Judith Thurman talks about her parents and her childhood; Ingrid Rossellini talks about moving to New York City in the early eighties and political correctness; Anna Siciliano talks about the difference between American and Italian upbringing and also about anxiety; Marina Sagona talks about codependence and abandonment; Giovanna Calvino talks about depression and approval; Anna Funder talks about chemical identity. Through the words of these women, the self-portrait of the artist takes shape.

=== The Prisoner, 2018 ===
Sagona's The Prisoner is a cycle about co-dependence exhibited at the Fondaco Gallery, Rome, in connection with the 13th edition of the Rome Film Fest. As Claire Messud writes in the essay on this work, “Codependent love entails a passionate devotion to the unrequited, a desire for self-abnegation. Its ironies are rife: how readily we give of ourselves, believing that eventually our sacrifices will be recognized; how thoroughly we put the needs and desires of the troubled before our own; how proud we are of our ability to stand in the heart of the flames, and burn”.

=== Eden, 2017 ===
Eden is an installation based on the idea of the world's regression to a new State of Nature. Sagona used found objects, collected over the years, that she disassembled, recomposed, and then covered in golden paint, creating a Midas' garden of hybrids and modern relics.

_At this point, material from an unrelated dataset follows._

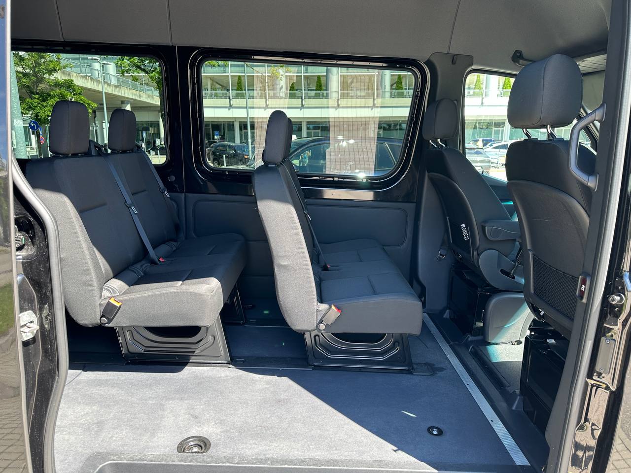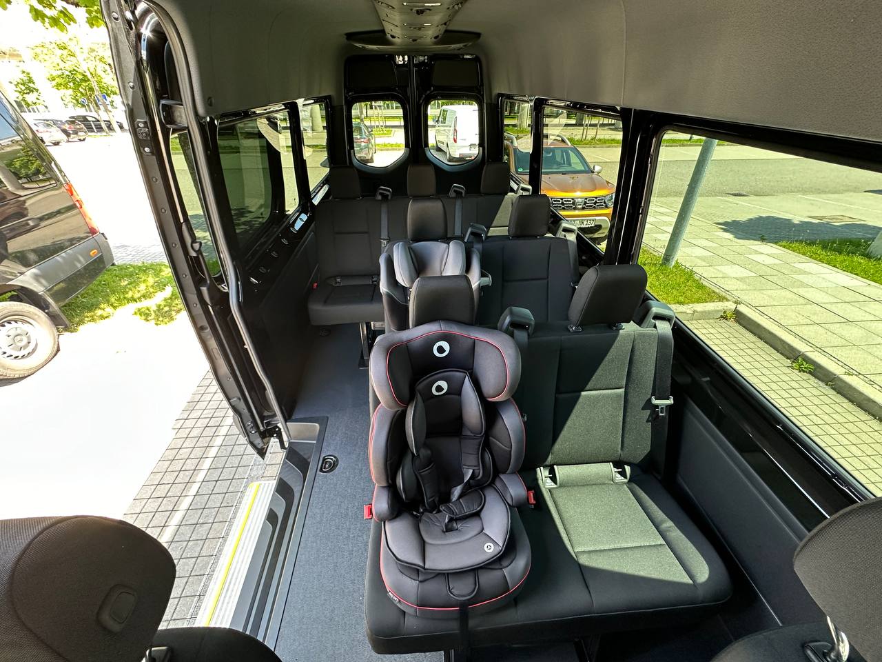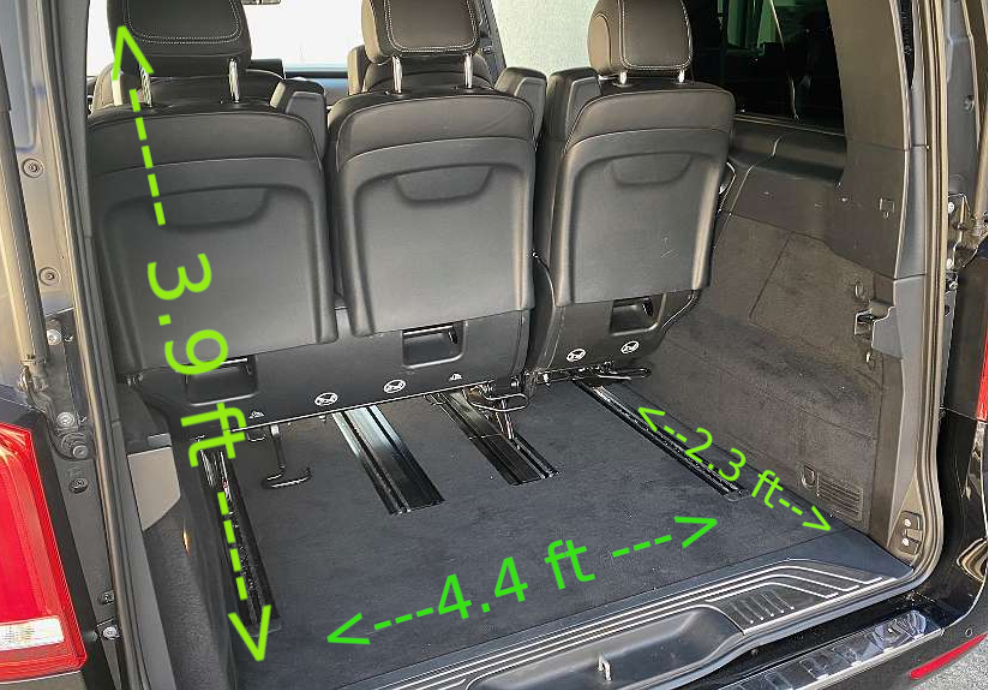 The Sprinter accommodates 9 passengers (compared to the V-Class’s 8) and is considerably larger, measuring approximately 20 feet in length. It features a spacious 5×5 feet luggage area behind the last bench and offers substantially more cargo space—up to 191 cubic feet versus the V-Class’s maximum of 50 cubic feet (with dimensions of 2.5 x 4.5 feet). Tip: We only have the 8-seater V-Class XL, but the shorter V-Klasse looks almost the same but has no cargo space.

=== The Comedy of Women, 2016 ===

The Comedy of Women is a series of imaginary portraits of the women Dante Alighieri encounters during his journey to the afterlife. The series of portraits was accompanied by an introduction by Colum McCann and narrative portraits written by authors Judith Thurman, Jhumpa Lahiri, Alice Sebold, Claire Messud and Anna Funder.

=== Other work ===
Other work includes Amour Fou, a catalogue of carnal love, At Home, a work on "Intimacy and claustrophobia of domestic life, using the physical space of my home" and Punti Fermi, an investigation into female role models.